Exercise prompt:
Exact copies of all the lines below are wanted, without a single picture.

Information shown:

===============

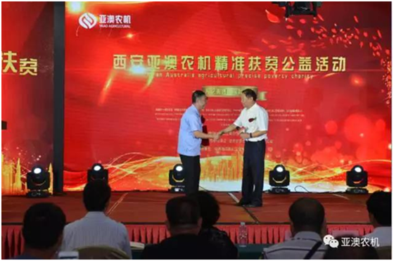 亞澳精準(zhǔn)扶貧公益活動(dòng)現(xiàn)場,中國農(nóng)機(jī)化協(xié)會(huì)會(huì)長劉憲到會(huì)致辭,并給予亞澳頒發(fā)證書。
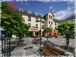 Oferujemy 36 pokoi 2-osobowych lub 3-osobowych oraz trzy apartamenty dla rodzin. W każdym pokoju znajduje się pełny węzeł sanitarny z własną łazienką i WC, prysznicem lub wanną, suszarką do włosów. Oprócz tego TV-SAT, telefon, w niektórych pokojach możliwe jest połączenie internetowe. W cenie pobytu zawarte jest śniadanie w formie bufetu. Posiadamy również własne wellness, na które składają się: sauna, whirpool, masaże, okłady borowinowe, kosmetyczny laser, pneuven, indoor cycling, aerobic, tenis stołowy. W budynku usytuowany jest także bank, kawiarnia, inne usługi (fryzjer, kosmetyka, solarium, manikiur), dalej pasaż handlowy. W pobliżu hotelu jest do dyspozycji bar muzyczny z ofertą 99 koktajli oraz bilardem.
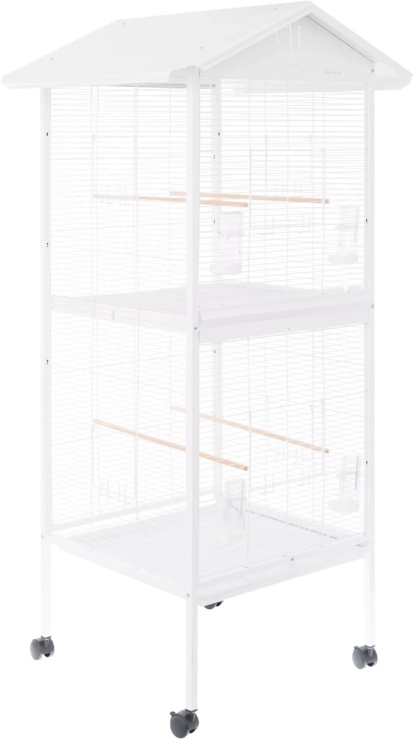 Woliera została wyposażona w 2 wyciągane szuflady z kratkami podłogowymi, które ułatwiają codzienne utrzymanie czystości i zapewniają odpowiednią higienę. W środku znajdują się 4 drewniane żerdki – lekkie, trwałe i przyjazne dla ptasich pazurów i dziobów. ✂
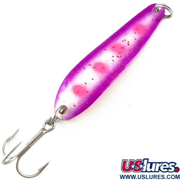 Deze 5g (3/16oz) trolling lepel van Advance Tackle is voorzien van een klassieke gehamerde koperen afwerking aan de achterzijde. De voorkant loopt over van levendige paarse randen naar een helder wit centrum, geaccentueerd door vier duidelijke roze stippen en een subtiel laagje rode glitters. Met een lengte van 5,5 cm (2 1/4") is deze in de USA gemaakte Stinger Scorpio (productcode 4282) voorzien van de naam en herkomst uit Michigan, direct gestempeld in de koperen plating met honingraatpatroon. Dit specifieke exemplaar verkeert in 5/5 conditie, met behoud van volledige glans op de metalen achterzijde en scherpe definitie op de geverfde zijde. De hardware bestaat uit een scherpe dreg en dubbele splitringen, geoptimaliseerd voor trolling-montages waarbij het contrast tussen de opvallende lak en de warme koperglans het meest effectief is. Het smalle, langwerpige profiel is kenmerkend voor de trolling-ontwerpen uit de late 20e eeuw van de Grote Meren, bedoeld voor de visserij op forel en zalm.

===============

Task output:
 亞澳精準(zhǔn)扶貧公益活動(dòng)現(xiàn)場,中國農(nóng)機(jī)化協(xié)會(huì)會(huì)長劉憲到會(huì)致辭,并給予亞澳頒發(fā)證書。
 Oferujemy 36 pokoi 2-osobowych lub 3-osobowych oraz trzy apartamenty dla rodzin. W każdym pokoju znajduje się pełny węzeł sanitarny z własną łazienką i WC, prysznicem lub wanną, suszarką do włosów. Oprócz tego TV-SAT, telefon, w niektórych pokojach możliwe jest połączenie internetowe. W cenie pobytu zawarte jest śniadanie w formie bufetu. Posiadamy również własne wellness, na które składają się: sauna, whirpool, masaże, okłady borowinowe, kosmetyczny laser, pneuven, indoor cycling, aerobic, tenis stołowy. W budynku usytuowany jest także bank, kawiarnia, inne usługi (fryzjer, kosmetyka, solarium, manikiur), dalej pasaż handlowy. W pobliżu hotelu jest do dyspozycji bar muzyczny z ofertą 99 koktajli oraz bilardem.
 Woliera została wyposażona w 2 wyciągane szuflady z kratkami podłogowymi, które ułatwiają codzienne utrzymanie czystości i zapewniają odpowiednią higienę. W środku znajdują się 4 drewniane żerdki – lekkie, trwałe i przyjazne dla ptasich pazurów i dziobów. ✂
 Deze 5g (3/16oz) trolling lepel van Advance Tackle is voorzien van een klassieke gehamerde koperen afwerking aan de achterzijde. De voorkant loopt over van levendige paarse randen naar een helder wit centrum, geaccentueerd door vier duidelijke roze stippen en een subtiel laagje rode glitters. Met een lengte van 5,5 cm (2 1/4") is deze in de USA gemaakte Stinger Scorpio (productcode 4282) voorzien van de naam en herkomst uit Michigan, direct gestempeld in de koperen plating met honingraatpatroon. Dit specifieke exemplaar verkeert in 5/5 conditie, met behoud van volledige glans op de metalen achterzijde en scherpe definitie op de geverfde zijde. De hardware bestaat uit een scherpe dreg en dubbele splitringen, geoptimaliseerd voor trolling-montages waarbij het contrast tussen de opvallende lak en de warme koperglans het meest effectief is. Het smalle, langwerpige profiel is kenmerkend voor de trolling-ontwerpen uit de late 20e eeuw van de Grote Meren, bedoeld voor de visserij op forel en zalm.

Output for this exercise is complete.